- **Data extracts**
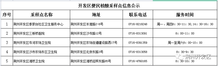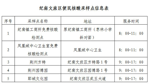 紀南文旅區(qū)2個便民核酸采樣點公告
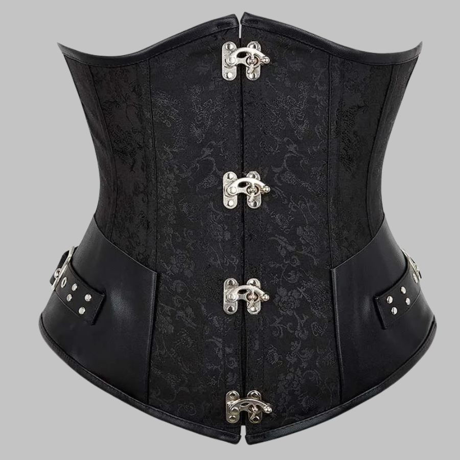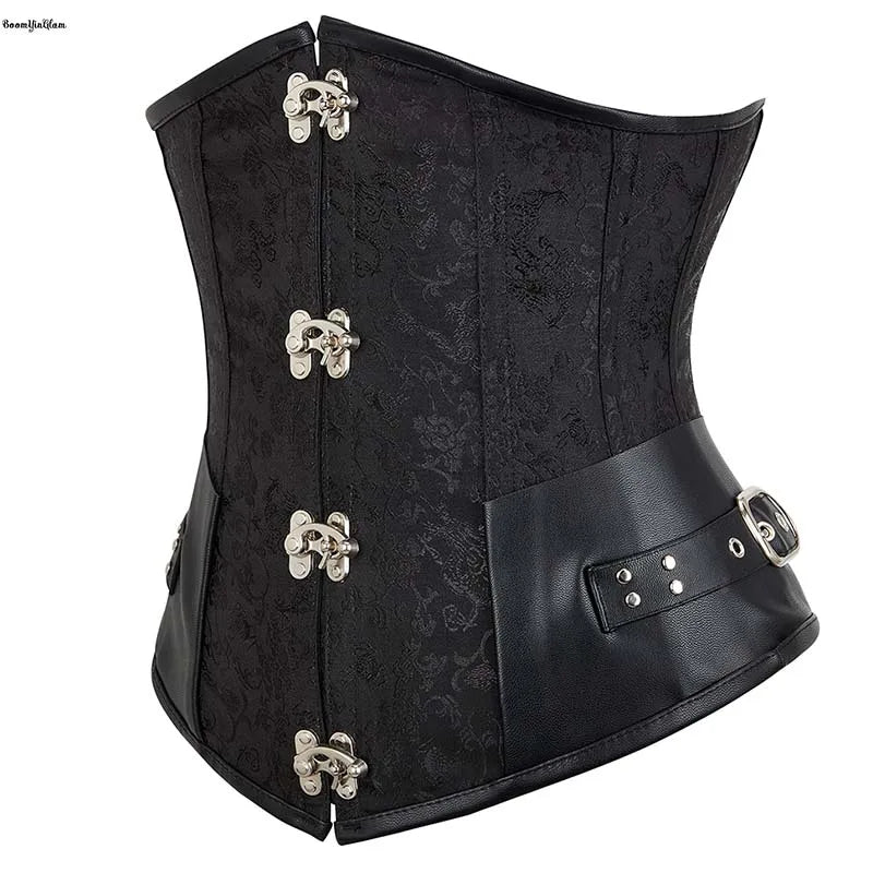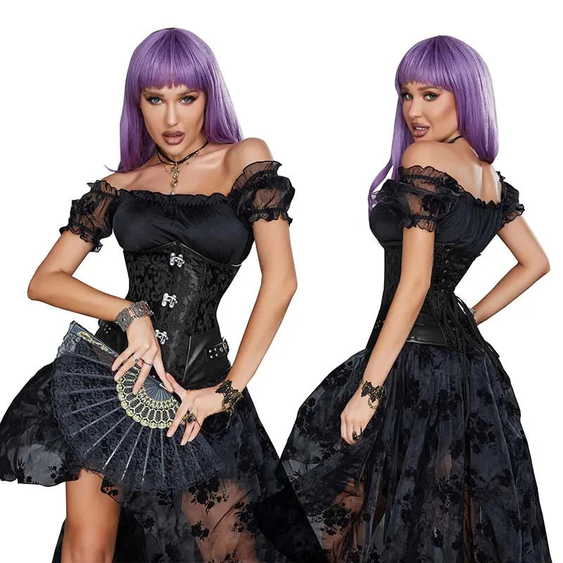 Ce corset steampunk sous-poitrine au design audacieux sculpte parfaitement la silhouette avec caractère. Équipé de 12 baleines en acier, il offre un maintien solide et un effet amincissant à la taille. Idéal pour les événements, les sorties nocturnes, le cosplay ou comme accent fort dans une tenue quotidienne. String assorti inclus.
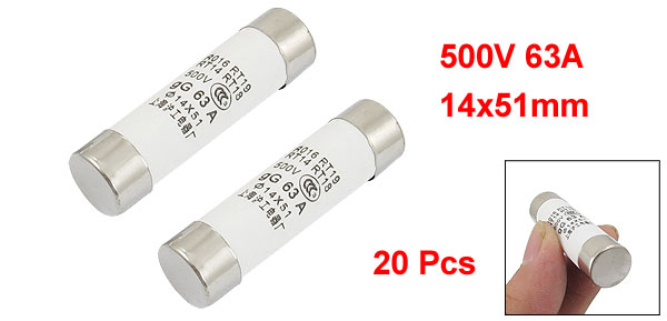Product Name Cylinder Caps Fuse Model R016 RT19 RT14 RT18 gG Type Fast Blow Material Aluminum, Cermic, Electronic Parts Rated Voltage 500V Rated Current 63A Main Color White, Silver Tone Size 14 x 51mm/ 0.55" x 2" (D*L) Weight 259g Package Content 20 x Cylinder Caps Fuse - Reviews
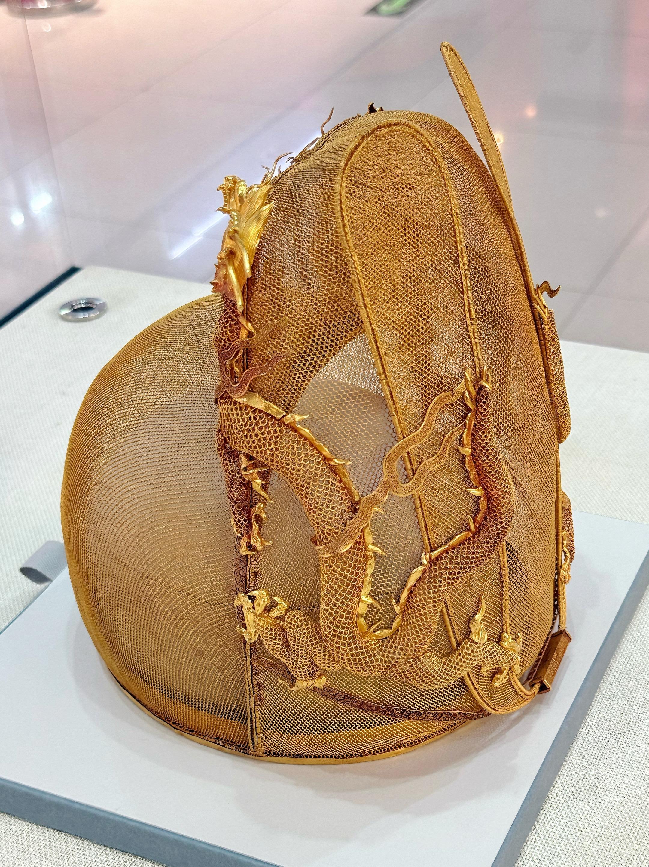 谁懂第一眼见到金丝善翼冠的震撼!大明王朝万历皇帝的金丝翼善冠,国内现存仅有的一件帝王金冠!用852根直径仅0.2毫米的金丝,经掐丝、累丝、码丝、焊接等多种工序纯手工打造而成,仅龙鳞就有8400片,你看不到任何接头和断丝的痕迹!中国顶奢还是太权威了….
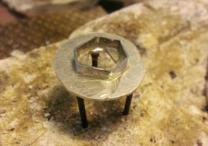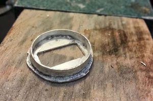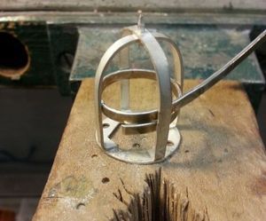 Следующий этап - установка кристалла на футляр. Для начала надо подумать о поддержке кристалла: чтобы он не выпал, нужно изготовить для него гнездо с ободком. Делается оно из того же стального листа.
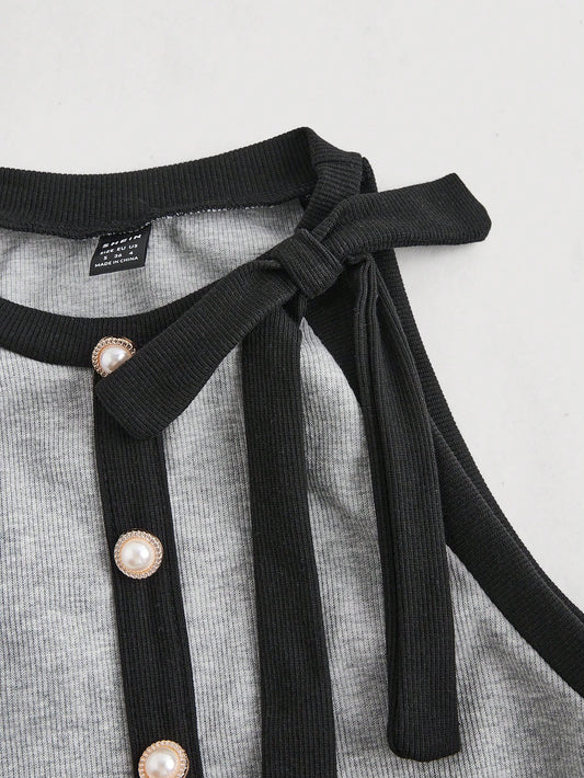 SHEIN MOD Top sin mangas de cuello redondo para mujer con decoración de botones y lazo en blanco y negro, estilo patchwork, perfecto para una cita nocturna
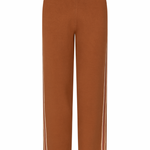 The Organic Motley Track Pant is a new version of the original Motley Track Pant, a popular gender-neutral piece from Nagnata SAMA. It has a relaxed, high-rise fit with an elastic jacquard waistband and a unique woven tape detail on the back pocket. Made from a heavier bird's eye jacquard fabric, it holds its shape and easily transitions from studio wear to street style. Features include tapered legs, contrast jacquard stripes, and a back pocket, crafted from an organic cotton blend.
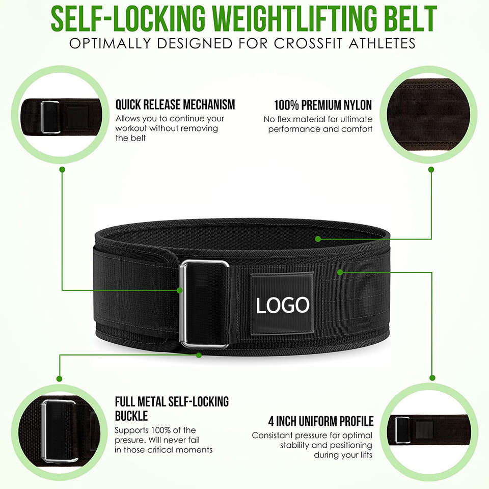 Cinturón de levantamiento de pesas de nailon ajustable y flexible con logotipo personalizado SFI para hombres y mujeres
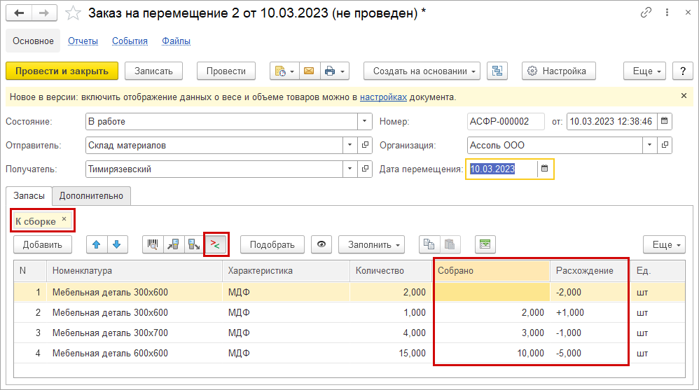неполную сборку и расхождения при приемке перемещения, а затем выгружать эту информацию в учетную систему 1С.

- **Work to complete**
Only the pictures are to be left out; all other material is to be output exactly.

- **Output below**
 紀南文旅區(qū)2個便民核酸采樣點公告
 Ce corset steampunk sous-poitrine au design audacieux sculpte parfaitement la silhouette avec caractère. Équipé de 12 baleines en acier, il offre un maintien solide et un effet amincissant à la taille. Idéal pour les événements, les sorties nocturnes, le cosplay ou comme accent fort dans une tenue quotidienne. String assorti inclus.
Product Name Cylinder Caps Fuse Model R016 RT19 RT14 RT18 gG Type Fast Blow Material Aluminum, Cermic, Electronic Parts Rated Voltage 500V Rated Current 63A Main Color White, Silver Tone Size 14 x 51mm/ 0.55" x 2" (D*L) Weight 259g Package Content 20 x Cylinder Caps Fuse - Reviews
 谁懂第一眼见到金丝善翼冠的震撼!大明王朝万历皇帝的金丝翼善冠,国内现存仅有的一件帝王金冠!用852根直径仅0.2毫米的金丝,经掐丝、累丝、码丝、焊接等多种工序纯手工打造而成,仅龙鳞就有8400片,你看不到任何接头和断丝的痕迹!中国顶奢还是太权威了….
 Следующий этап - установка кристалла на футляр. Для начала надо подумать о поддержке кристалла: чтобы он не выпал, нужно изготовить для него гнездо с ободком. Делается оно из того же стального листа.
 SHEIN MOD Top sin mangas de cuello redondo para mujer con decoración de botones y lazo en blanco y negro, estilo patchwork, perfecto para una cita nocturna
 The Organic Motley Track Pant is a new version of the original Motley Track Pant, a popular gender-neutral piece from Nagnata SAMA. It has a relaxed, high-rise fit with an elastic jacquard waistband and a unique woven tape detail on the back pocket. Made from a heavier bird's eye jacquard fabric, it holds its shape and easily transitions from studio wear to street style. Features include tapered legs, contrast jacquard stripes, and a back pocket, crafted from an organic cotton blend.
 Cinturón de levantamiento de pesas de nailon ajustable y flexible con logotipo personalizado SFI para hombres y mujeres
неполную сборку и расхождения при приемке перемещения, а затем выгружать эту информацию в учетную систему 1С.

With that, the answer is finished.